Otra mujer fue vista siendo sacada a la fuerza por los agentes en medio de cánticos de “¡Qué vergüenza!” por parte de la multitud.
La policía también sacó a un hombre esposado y escoltó a un manifestante anciano, que usaba un bastón, hasta las furgonetas policiales que lo esperaban.
Una mujer gritó: “Sí, parece una terrorista, ¿verdad, colega?”.
Una manifestante que portaba una pancarta de protesta de Palestine Action declaró a la agencia de noticias AP: “Ya me habían arrestado una vez, pero hoy no estaba dispuesta a que me arrestaran por varias razones”.
“Tengo nietos a quienes cuidar. Estoy aquí para apoyarlos.”
A la mujer de 69 años, que prefirió permanecer en el anonimato, le preguntaron si su detención la había disuadido de protestar y respondió: “Por supuesto que no”.
Añadió: “Es lo más importante, y yo soy mayor, en mi vida, es algo enorme.
“Es una verdadera toma de control del mundo y sus recursos. Y es aterrador.”
“Se ha producido un genocidio masivo que se ha prolongado durante muchísimo tiempo.
“Tienen una sed insaciable de asesinato, una sed insaciable de ahorcamiento. Una sed insaciable de tortura.”
Una mujer de 53 años, que también prefirió permanecer en el anonimato y que sostenía un cartel que decía “Me opongo al genocidio. Apoyo a Palestine Action” mientras estaba sentada en Trafalgar Square, en Londres, dijo que los manifestantes estaban ejerciendo un “derecho civil”.
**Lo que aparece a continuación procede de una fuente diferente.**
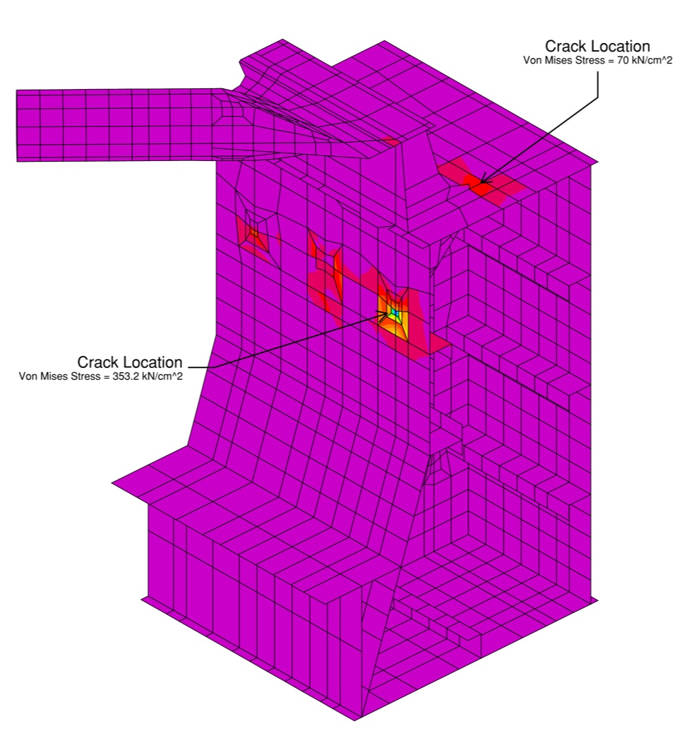 Caption: Finite element analysis model of boom brace connection on a container crane. Two cracks were discovered in this location.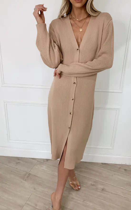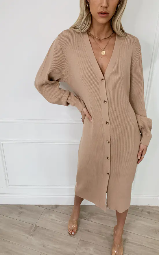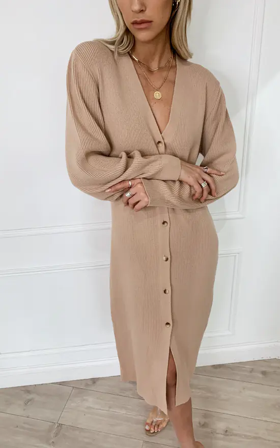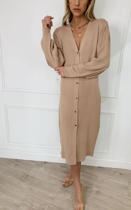 This maxi cardi is the perfect wardrobe piece for those “what shall I wear?” days. It can be dressed up with a pair of barely there’s, or kept casual with jeans and trainers. Made from a ribbed knit, with a v-neck line, balloon sleeves and tortoise shell buttons.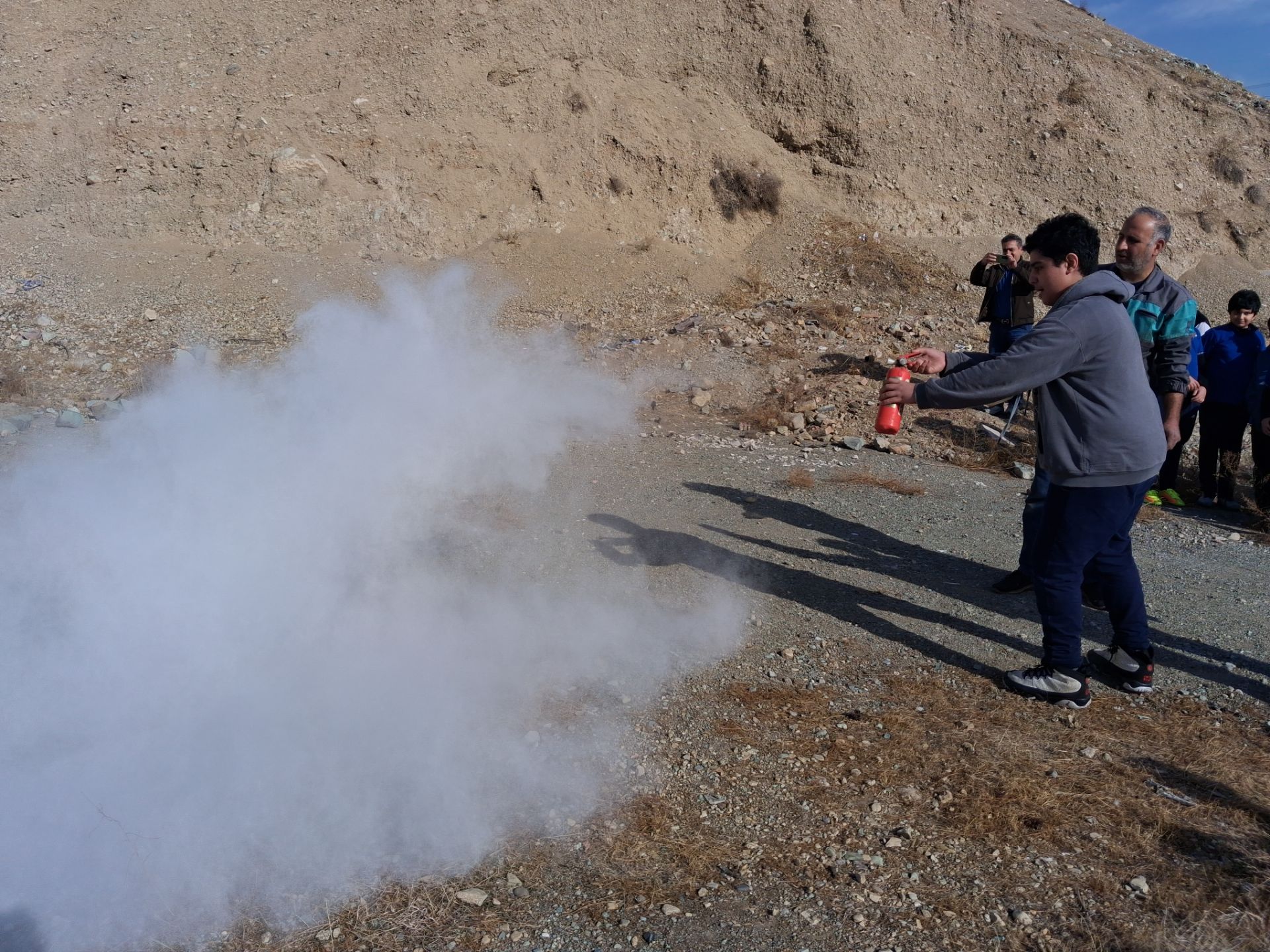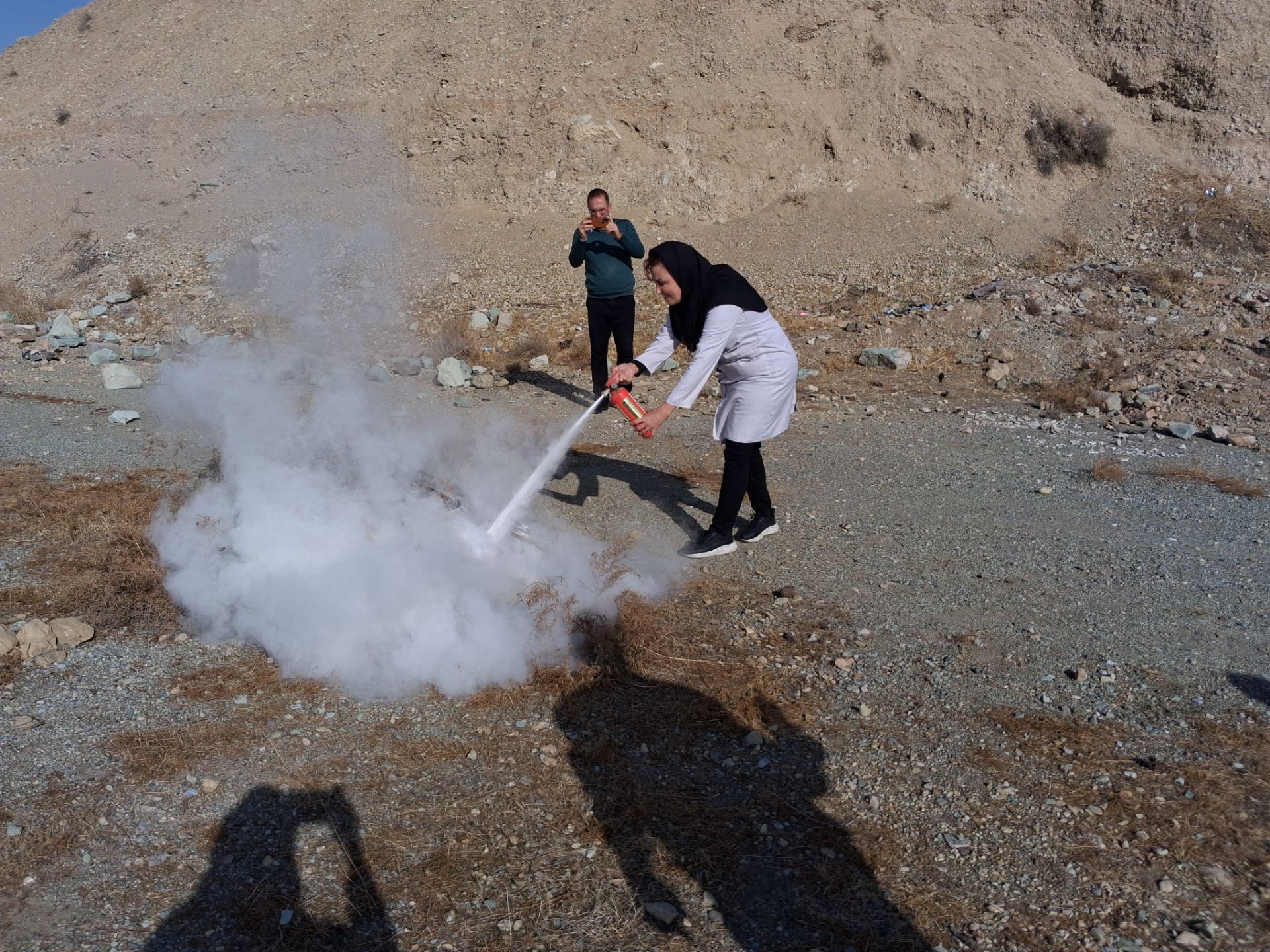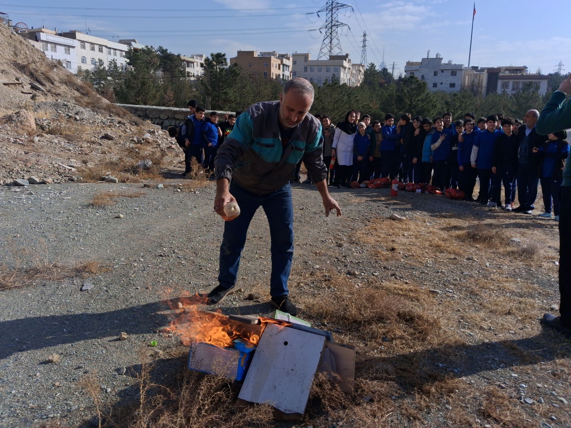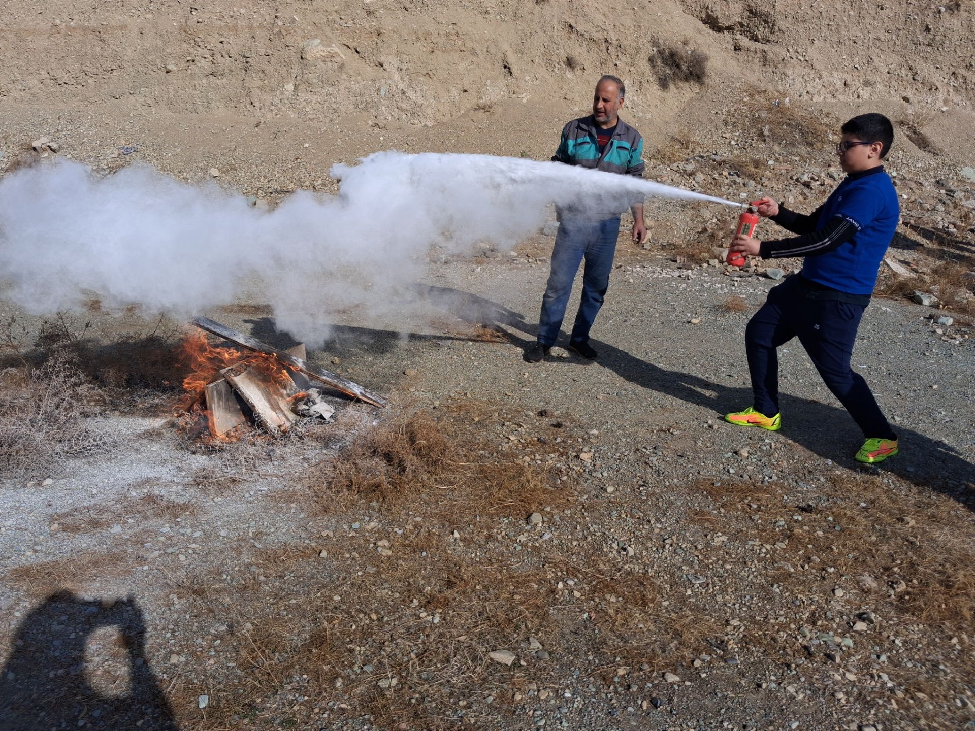 در بخش عملی و هیجانانگیز این رویداد، تعدادی از دانشآموزان داوطلب، این فرصت را یافتند تا در محیطی کاملاً ایمن و تحت نظارت دقیق، مهارت خود را محک بزنند و آتشی کنترلشده را خاموش کنند. شجاعت و علاقهی این عزیزان، الگویی برای همکلاسیهایشان بود.
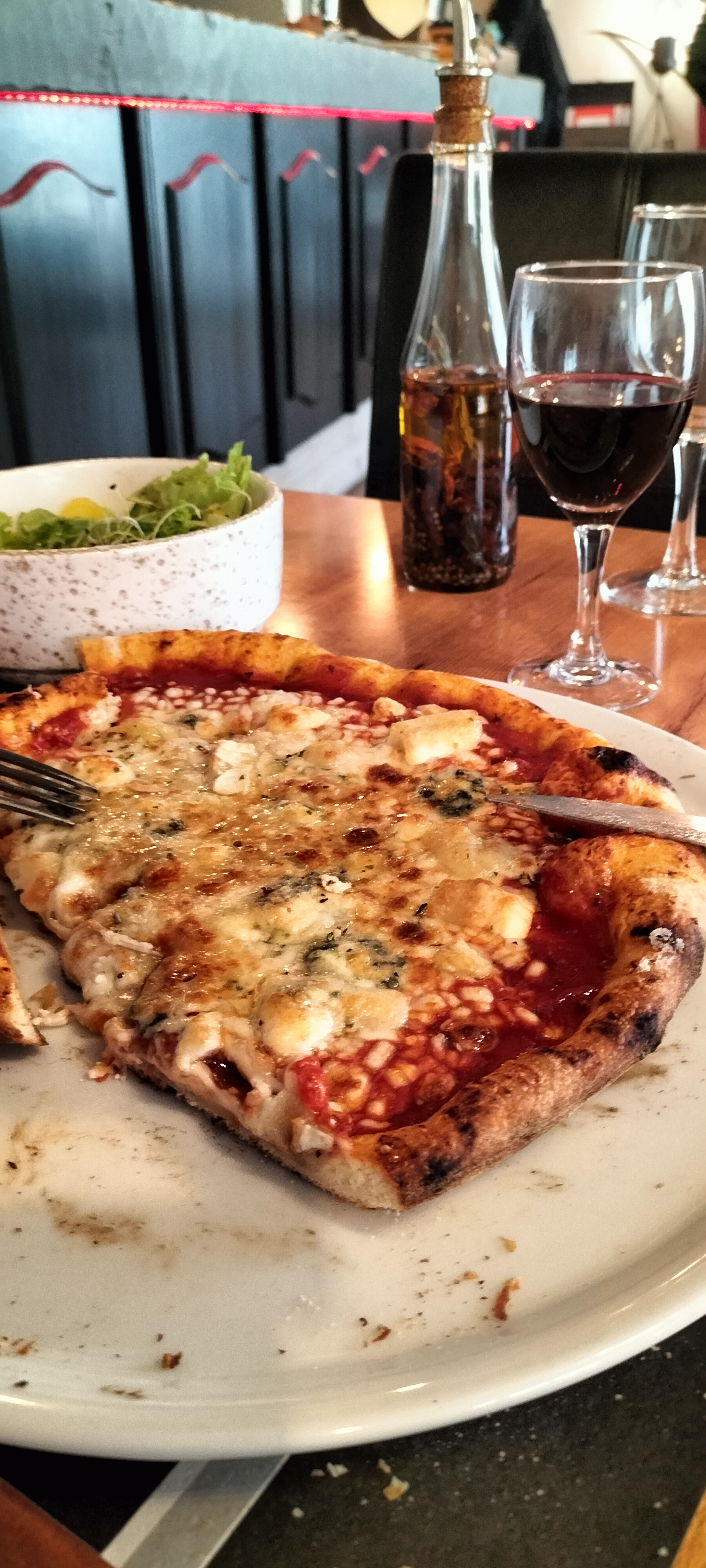 Une pizza quatre fromages goûteuse, légère grâce à une pâte de qualité. Un Chianti bien structuré, mais léger et fruité, bref du plaisir ! En terminant sur un tiramisu d'anthologie. Bref du bonheur à pas trop cher.

Ella dijo: “El gobierno ha recibido presiones del Estado israelí y quiere deshacerse de una organización que se opone al genocidio, que intenta desmantelar los instrumentos del genocidio, ya saben, tomando medidas directas contra la fabricación de armas, y ese es un derecho civil poder protestar de esa manera.
“Creo que el hecho de que el jurado los haya absuelto demuestra que, ¿cómo es posible que sean terroristas?”, añadió.
“Cuando un jurado que examina todos los detalles de lo que realmente hicieron dice ‘no culpable’, ¿sabes?”
Eso dice mucho, ¿verdad?, sobre lo que puede lograr un proceso deliberativo de gente común, y el hecho de que quieran prohibirlo y, en algunos casos, eliminar los juicios con jurado, me indica que es un ataque a nuestra libertad.
“Así que, básicamente, estoy aquí para defender el derecho a protestar de forma no violenta y desobediente.”
La activista Yael Kahn, que antes de mudarse a Inglaterra cuidaba de mujeres presas políticas en Gaza, declaró a la agencia de noticias Press Association: “Ojalá, cuando mi familia fue exterminada en el Holocausto por la Alemania nazi, hubiera habido gente protestando como todas estas personas maravillosas que están aquí”.
“Me encantan.”
La Sra. Kahn se situó al margen de la protesta el sábado con una cinta que decía “Liberen a los rehenes palestinos”.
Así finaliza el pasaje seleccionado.